While commercials pique Anderson’s interest, so is the upcoming prospect of directing the sixth installment of the Resident Evil series this fall. I asked him if he felt at all responsible for awakening a dead genre. He agrees – but also outlines that it was just a matter of time before zombies became unearthed again:

“As a teenager I used to love zombie flicks,” says Anderson. “They were very, very popular with directors like [George A.] Romero and [Lucio] Fulci releasing new movies all the time. That’s one of the reasons I created the first Resident Evil; I looked at the genre and thought wow, I used to love this stuff and nobody had made a zombie film for over a decade, so I decided to make one. It ended up being the first in a whole slew of undead films that include 28 Days Later and Dawn of the Dead.”

We go on to discuss the zeitgeist of zombies today in shows such as AMC’s immensely popular The Walking Dead. “I think the undead genre really plays to primal human fears,” suggests Anderson on its popularity. “That kind of stuff never goes out of fashion. The themes of a zombie story are always good; they make for good filmmaking.”

Another subject we ponder is “torture porn” as seen in recent flicks such as the Evil Dead remake; a purely “gore porn” outing far less slapstick with buckets more blood than the original created in 1981:

“I think ‘gore porn’ is a very American thing,” offers Anderson. “Movies indulging in that have a very north American audience. My films are more global in nature, and even though I make movies with zombies it needs to be restrained. When you have people reaching into cavities and eating intestines you basically alienate a lot of your audience. It’s better filmmaking to suggest violence and leave it to the imagination. What an audience imagines is far more frightening than anything you can put on film.”

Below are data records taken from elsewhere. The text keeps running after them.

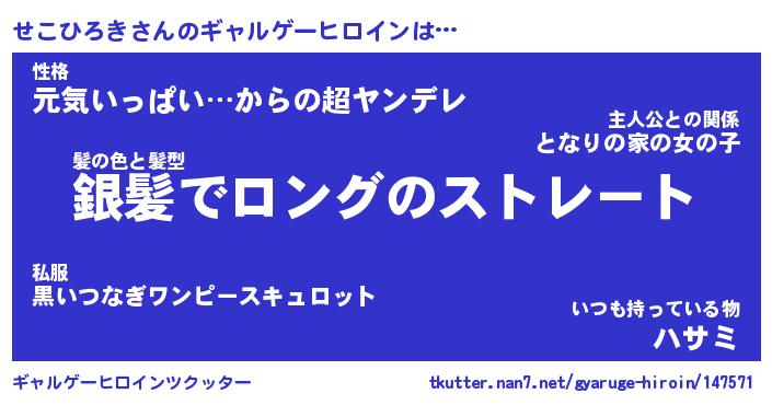 | 男性向けラノベタイトル風あだ名 | 『せこひろきの憂鬱』 |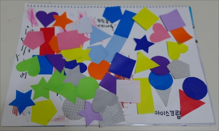 요래.. 윤후맘이 오려준 모양종이를 잔뜩 붙여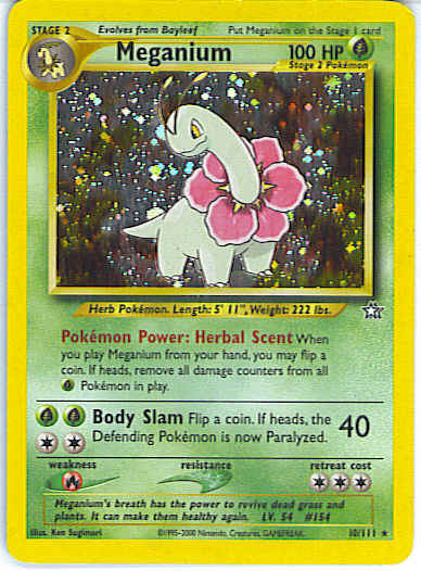 | Type | Grass | | Pokemon serie | Neo Genesis | | Stadie | Stage 2 | | HP | 100 | | Sjældenhed | Rare | | Tilbagetrækning | 3 | | Svaghed | R | | Kortnummer | 10 | | Evne |

As for digital filmmaking, Anderson embraces it and hasn’t looked back since shooting three digital features in 3D in a row with Resident Evil: Afterlife, The Three Musketeers and Resident Evil: Retribution. Pompeii will be his fourth outing in digital 3D:

“I used to say they’d have to take film cameras out of my dead, dying hands,” he quips. “Then I made my first digital movie and I loved the experience.  After 15 years of filmmaking I had to completely re-learn my craft. I felt like I was making my first movie again – and that I found very, very exciting.

“I wrote Resident Evil: Afterlife as a 3D movie, so envisioned all the action scenes that I thought would play well in 3D,” he continues. “It was very much a holistic approach, written and conceived as a 3D film.”

One of history’s greatest disasters, Pompeii will also see Anderson capturing the story on 3D rigs loaded with Red Epic cameras ramping anywhere from 24 up to 288 fps – all designed and built by Pompeii cinematographer Glen MacPherson. While the film is set to explode onto movie screens on 28 February 2014, Anderson explains that post production is still a difficult equation in the digital format:

“As movies get more complicated you need to use more complex tools to get the job done,” he explains. “Just because it’s digital doesn’t mean I sit around twiddling my thumbs. The DGA has always given directors 10 weeks for their cut, and those 10 weeks are always jam packed in my experience. Digital allows you to make more choices and do more complicated things – but that in itself eats up more time.”

As the conversation winds down I throw out a random question, asking how he finds ideas that spark his imagination in both film and commercials.

“I’ll take a great idea from anyone,” he answers. “It can be somebody working at the studio, at an ad agency or even at a craft service. People have great ideas – 95 per cent of them are terrible, but if you’re willing to listen to that other five per cent it will be far better than anything you could ever come up with.”